As far as the Murrays are concerned. This is America and the rights of the accused should play out in the courts system……………….
HadEnough says
Neither Martinez nor Jones did anything to stop Murrays. This all started because one officer had the courage to stand up against corruption and file a compliant with the state after numerous complaints against the Murrays were dismissed by Jones and Martinez.

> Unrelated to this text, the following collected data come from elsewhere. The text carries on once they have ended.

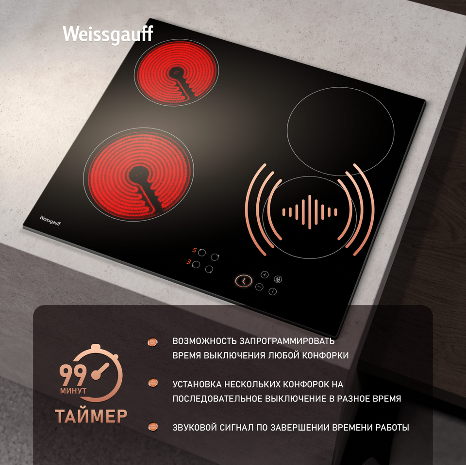 Таймер до 99 минут дает вам возможность запрограммировать время выключения любой конфорки, с точностью до минуты
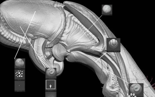 針對生物的肉質部分,可以先雕刻出簡單的形狀,然后使用ZBrush中的Array Mesh功能實現肋肉效果,接著結合偏移、縮放和旋轉來創建有趣的輪廓形狀。Array Mesh準備好之后,使用Move筆刷微調形狀,再DynaMesh形狀給其他細節雕刻表面。
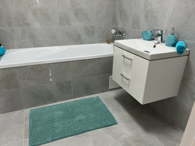 – veľkoformátová dlažba a obklad v kúpeľni a na WC
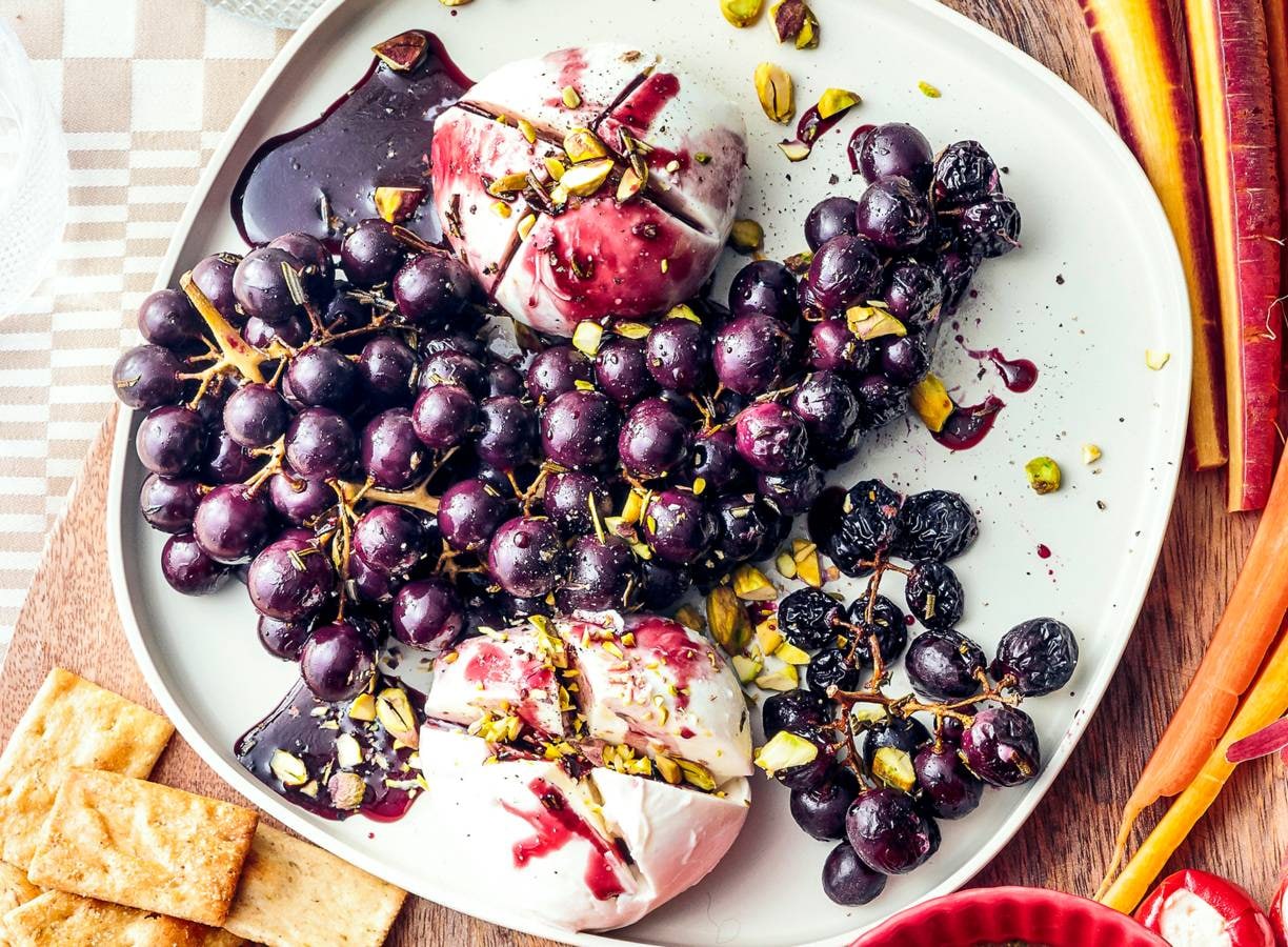 Gegrilde druiven met mozzarella en pistache

Its time for a new Chief, a new city manager and several new commissioners.
Ralph Belcher says
The State has this and related issues under a microscope. The Citizens of Bunnell have spoken and want their own Police force. Can they afford the salaries to attract upper echelon quality personnel? The City Leaders would rather not go there, no one is sitting on a pot of gold. Therefore we will, in part, get the low rent version of a Police Department. A couple of bad apples it seems have been weeded out, a City Commissioner with questionable practices was not voted back in (eight votes, really?), so let’s see what happens. There are officers on the force who do a good job and have to battle the image stain others have left on the City and Department. Godspeed. With liberty AND JUSTICE for all. And Towing Companies who pay their employees.
Honest Abe says
Montecito, Bunnell did not clean up this type of cop and definitely the puppet master nor his puppet had anything to do with it either. If it were up to them, these so called “cops” would still be sending tow’s Saxon’s way with that illegal kick back going to the city. Hire the good cops from Bunnell to the county and get rid of this department like Mr. Tucker has been asking for years now. Oh wait, that’s right, we’ll have to wait until the next election when the city commissioners majority becomes the minority.
franklin says
Neither Martinez nor Jones did anything to stop Murrays. This all started because one officer{sgt gamarra} had the courage to stand up against corruption and file a compliant with the state after numerous complaints against the Murrays were dismissed by Jones and Martinez. and sgt gamarra have too pay the consequences and lose his job just because he did what he swore to do and the authority did nothing, to reinstate sgt gamarra with honor …….what a shame !!!!!!!! ……
palmcoaster says
@franklin; if what you are saying here is true and I can infer it is as per what witness Gamarra stated in court. Then lets justice prevail and re-hire Sgt. Gamarra. Mr. Martinez set a good the example, please, so we can start cleaning up the county!
L says
look at those smiles they have there practically getting away with it even if they got fired it wont matter. these 2 Schmucks just happen to get caught red handed an a slap on the wrist.